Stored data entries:
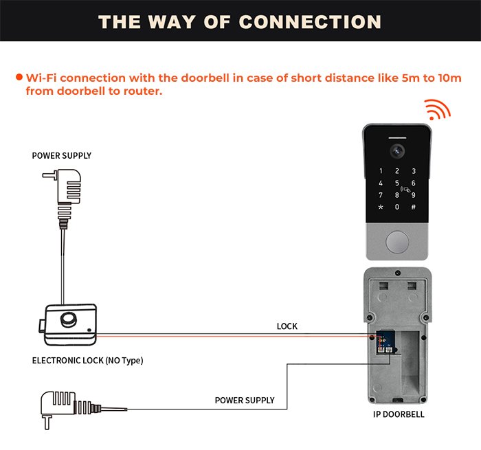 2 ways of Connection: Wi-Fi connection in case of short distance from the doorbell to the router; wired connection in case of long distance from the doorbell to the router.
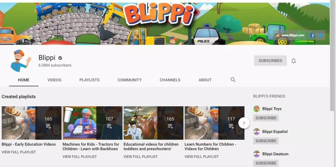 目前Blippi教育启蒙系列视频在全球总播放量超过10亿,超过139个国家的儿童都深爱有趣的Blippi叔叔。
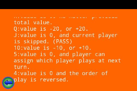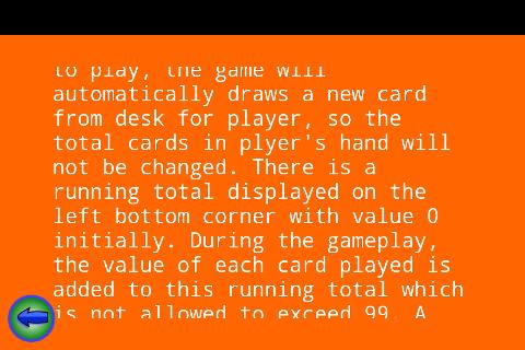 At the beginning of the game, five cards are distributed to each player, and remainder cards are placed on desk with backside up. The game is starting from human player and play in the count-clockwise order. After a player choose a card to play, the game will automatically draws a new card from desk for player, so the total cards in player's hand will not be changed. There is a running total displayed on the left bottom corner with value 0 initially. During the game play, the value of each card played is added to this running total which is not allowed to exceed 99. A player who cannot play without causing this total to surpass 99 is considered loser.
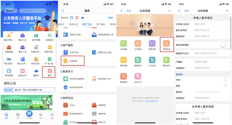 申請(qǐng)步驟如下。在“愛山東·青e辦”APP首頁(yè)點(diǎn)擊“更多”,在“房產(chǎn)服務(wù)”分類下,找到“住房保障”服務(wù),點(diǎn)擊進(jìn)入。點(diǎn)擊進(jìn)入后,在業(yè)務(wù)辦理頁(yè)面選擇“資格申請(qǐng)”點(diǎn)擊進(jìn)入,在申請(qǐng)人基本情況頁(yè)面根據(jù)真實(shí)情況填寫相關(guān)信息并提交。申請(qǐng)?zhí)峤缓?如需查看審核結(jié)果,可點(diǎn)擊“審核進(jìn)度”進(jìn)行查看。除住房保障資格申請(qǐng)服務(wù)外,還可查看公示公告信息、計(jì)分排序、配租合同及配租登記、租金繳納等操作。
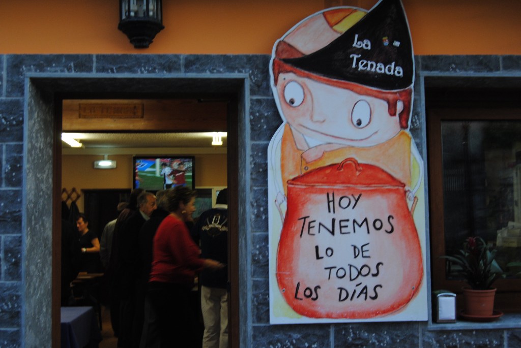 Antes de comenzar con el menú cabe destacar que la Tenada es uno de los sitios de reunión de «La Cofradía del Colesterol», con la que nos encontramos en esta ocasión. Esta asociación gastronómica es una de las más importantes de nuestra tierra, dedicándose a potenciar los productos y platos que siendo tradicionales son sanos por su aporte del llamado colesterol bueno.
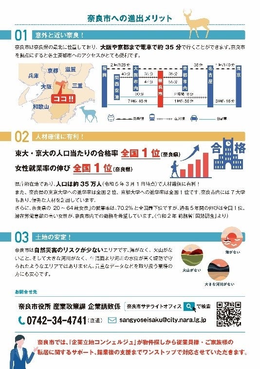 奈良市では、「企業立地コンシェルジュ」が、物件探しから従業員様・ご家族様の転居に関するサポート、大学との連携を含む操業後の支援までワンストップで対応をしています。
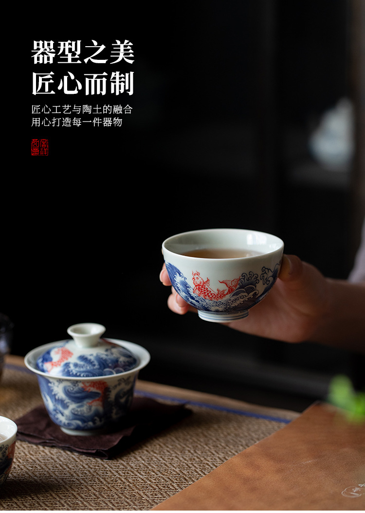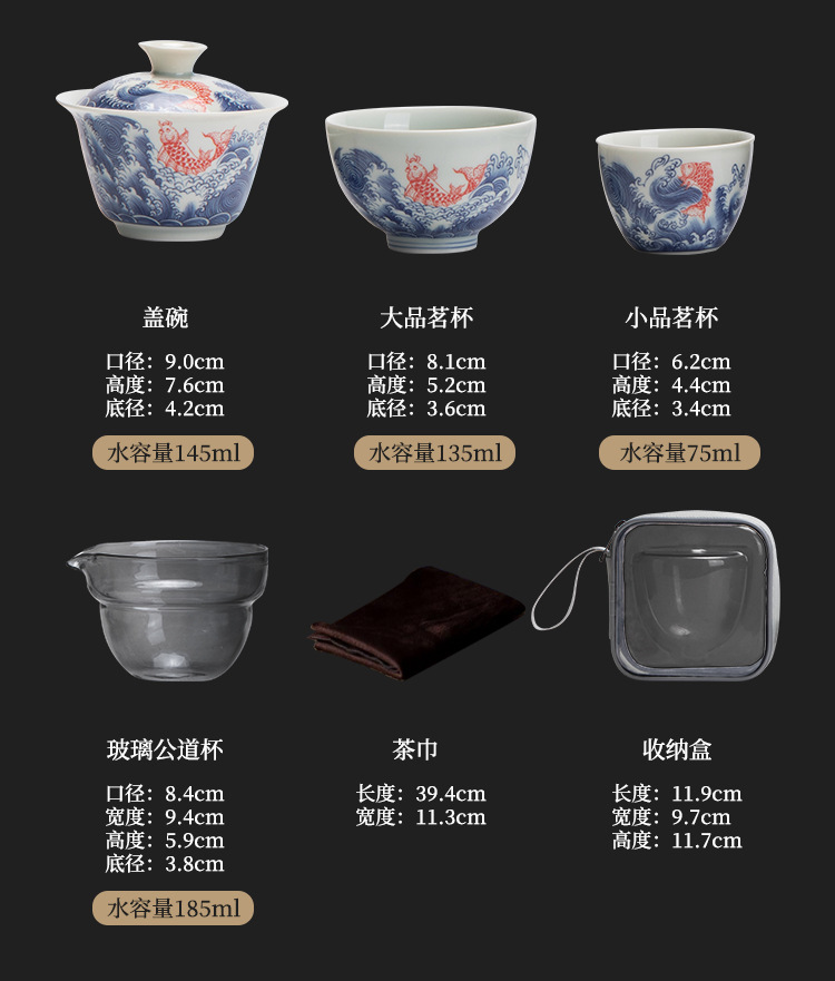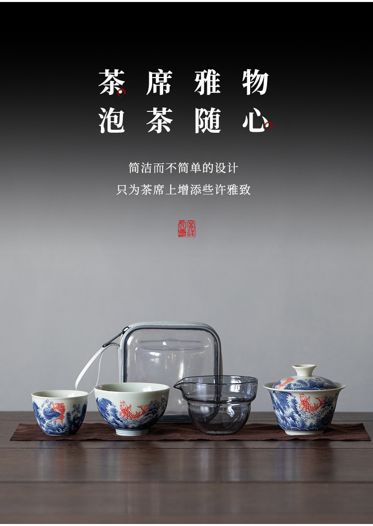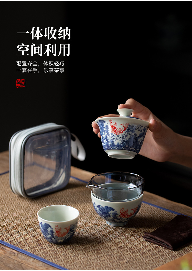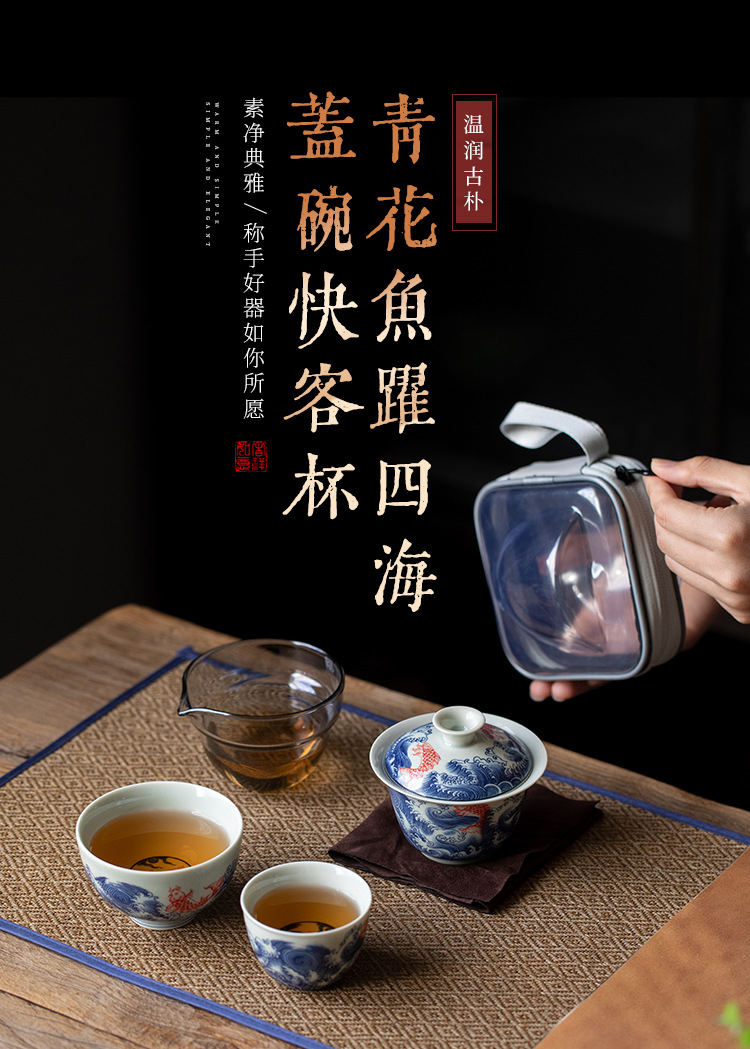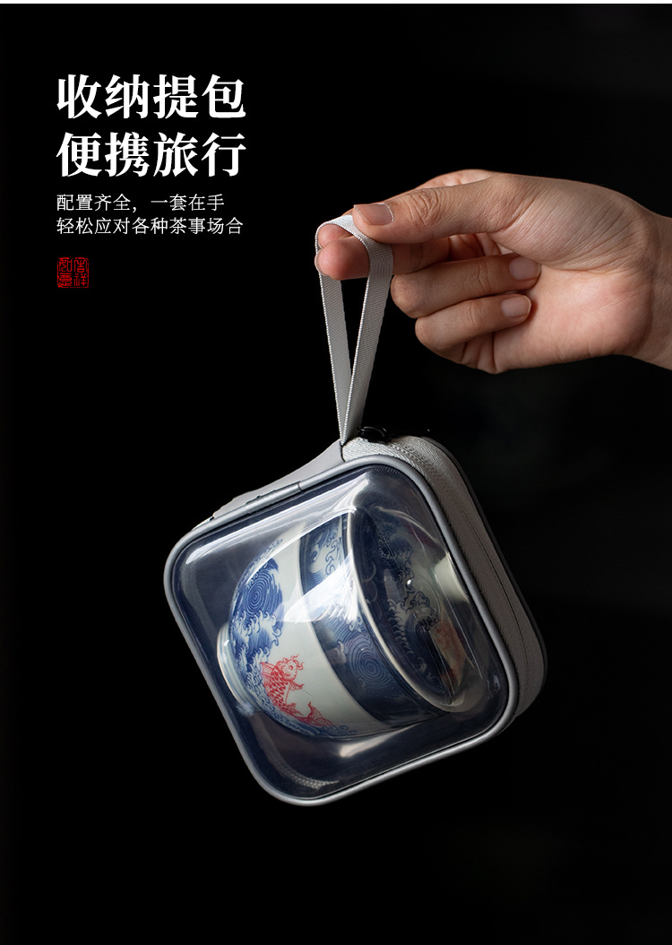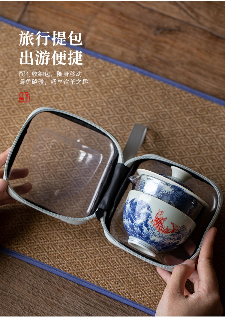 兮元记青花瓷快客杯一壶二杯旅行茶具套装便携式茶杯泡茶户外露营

• **WHAT YOU HAVE TO DO**: Give back exactly the lines from the line with "奈良市では、「企業立地コンシ" through the final line of the entries above, and keep pictures out of the copy.

• **RESPONSE AREA**:
 奈良市では、「企業立地コンシェルジュ」が、物件探しから従業員様・ご家族様の転居に関するサポート、大学との連携を含む操業後の支援までワンストップで対応をしています。
 兮元记青花瓷快客杯一壶二杯旅行茶具套装便携式茶杯泡茶户外露营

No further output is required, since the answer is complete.